Happiness

How do we measure, or otherwise assess, the progress or development of a society? The standard measure is through GDP (Gross Domestic Product), the total of all goods and services produced by a country in any given year. Politicians are obsessed with GDP, or, as they will prefer to call it, economic growth. Even politicians from the left (even JC) refer to economic growth as the main measure of the success of their plans and society in general. Why? Many philosophers have argued that all people really seek in life is happiness. Jeremy Bentham, the founder of the English Utilitarian tradition, for example, argued that any action or activity is good when “the tendency it has to augment the happiness of the community is greater than any it has to diminish it”, and that our overall aim should be to produce the greatest good (happiness) for the greatest number. So why don’t we focus on achieving happiness rather than economic growth?

Supporters of economic growth will argue that it is only through the accumulation of wealth that levels of misery and deprivation can be eradicated and happiness increased. This is true to the extent that a degree of wealth can certainly alleviate deprivation and supply many of the basic essentials that all humans need. It’s stupid to try telling a person without food or a home, without warm clothing and protection from the weather, that wealth would not increase their happiness. But research has shown that once personal wealth has reached a very modest level (approx. £16,000 per annum) happiness no longer increases. If this is the case, what is the point of striving for constant economic growth? Instead, why not try to work out how we can increase actual happiness? If you further factor in research that indicates a correlation between levels of GDP and inequality (that the richer the country becomes the greater the gap between the rich and the rest), and that a sense of inequality diminishes levels of happiness, such a question seems to make even more sense.

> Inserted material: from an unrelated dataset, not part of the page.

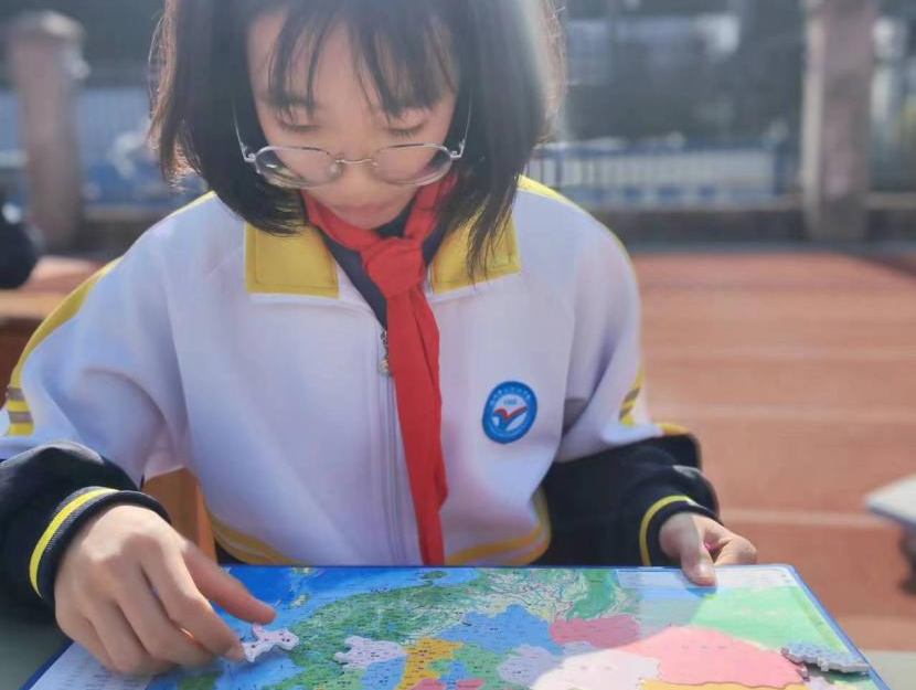 地图是地理的第二语言,为了加强学生捍卫祖国领土领海完整意识,培养爱国主义情操,牢记我国34个省区名称、轮廓和位置,地理学科举行了爱“拼”才会赢中国政区拼图比赛。“开始”的口令一响起,赛场上便弥漫着紧张而兴奋的气氛。选手们用敏捷的双手把一块块小小的拼图变成了一幅幅完整的中国地图,展示了选手们对中国行政区划的熟悉。活动激发了同学们的学习热情,增强了学生的国家版图意识,提高了学生独立实践、动手操作的能力,相信这颗热爱祖国每一寸土地的种子已经扎根于学生们的心灵。

The pursuit of happiness, however, is not without its own problems. Perhaps the most interesting of these is the Paradox of Hedonism, a phenomenon first noted by Henry Sidgwick, the last of the great nineteenth century English Utilitarians. He argued that if you seek pleasure or happiness for the sole purpose of achieving it yourself, you will fail. Instead, you must pursue other goals that will bring you your desired happiness as a side-effect. Or, in the slightly more poetic words of Nathaniel Hawthorne: “Happiness is a butterfly, which, when pursued, is always beyond our grasp, but which, if you sit down quietly, may alight upon you.”

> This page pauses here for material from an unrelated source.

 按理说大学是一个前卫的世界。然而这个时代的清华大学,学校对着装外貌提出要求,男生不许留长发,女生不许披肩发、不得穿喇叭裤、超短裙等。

So where does this leave our pursuit of happiness? Well, first of all, it seems obvious that of all the things in life to be desired, happiness comes out on top. We may desire many things, but only because we believe that they will make us happy. Think of anything that you desire, and then imagine possessing it but not being happy. The overall importance of happiness has been noted by philosophers at least since ancient Greece. Epicurus, for example wrote that we “pursue the things that make for happiness, seeing that when happiness is present, we have everything; but when it is absent, we do everything to possess it.” But perhaps the paradox comes about because we don’t truly understand what happiness is. We certainly understand it differently from the ancients. Epicurus understood happiness in the negative – not what it was, but what it wasn’t; for him happiness was calmness of the soul, freedom from disturbance, the avoidance of pain and fear. Such an understanding certainly explains why a degree of wealth can produce happiness (in as far as it relieves pain and fear), but the continued pursuit of wealth only allows pain and fear to return.

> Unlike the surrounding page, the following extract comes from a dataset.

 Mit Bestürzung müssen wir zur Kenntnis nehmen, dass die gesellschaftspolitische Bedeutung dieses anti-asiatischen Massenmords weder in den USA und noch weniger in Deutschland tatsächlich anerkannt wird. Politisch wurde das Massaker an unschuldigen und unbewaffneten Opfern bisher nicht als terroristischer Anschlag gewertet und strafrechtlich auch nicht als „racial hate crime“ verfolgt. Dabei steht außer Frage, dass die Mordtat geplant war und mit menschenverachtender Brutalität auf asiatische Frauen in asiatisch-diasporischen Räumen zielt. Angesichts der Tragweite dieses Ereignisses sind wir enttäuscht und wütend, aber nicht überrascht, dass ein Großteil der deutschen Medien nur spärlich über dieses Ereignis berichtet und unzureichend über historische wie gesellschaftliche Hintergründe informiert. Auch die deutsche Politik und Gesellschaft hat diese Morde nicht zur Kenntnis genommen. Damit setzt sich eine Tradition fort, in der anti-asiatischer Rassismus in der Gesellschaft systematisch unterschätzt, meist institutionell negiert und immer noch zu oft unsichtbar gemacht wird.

The other ancient philosopher who placed happiness at the centre of his thinking was Aristotle. He argued that everything we do in life we do to achieve a certain end, a certain good, but when we examine these ends or goods we quickly discover that we seek them in order to achieve some further end or good. If we follow this line of reasoning through we discover that the greatest good, that which is at the end of the line of successive means and ends, is what he called eudaimonia. This is often translated as ‘happiness’, but, because what Aristotle had in mind did not have the subjective connotations we attach to the word, a better translation is ‘flourishing’. Eudiamonia is the sense of a life going well, and, for Aristotle, a life going well was always assessed within the context of the polis, the city state.

Eudaimonia was achieved through the development of certain character traits. The important thing about these character traits, traits like courage, is that they need to be developed over time, they need to be worked at, and that they form what he called a ‘golden mean’ – a balance between excess and deficiency. Using the example of courage, if developed in excess a person becomes rash, but if underdeveloped that person displays cowardice. The important point to take on board is that there is not a definitive state of courage against which all others can be compared. It’s a process of trial and error, and different situations require different displays of courage. But with practice and reflection a person can develop the ability to display the appropriate degree of courage for any particular situation. The more a person develops a whole range of character traits, the more his or her life can be said to be flourishing.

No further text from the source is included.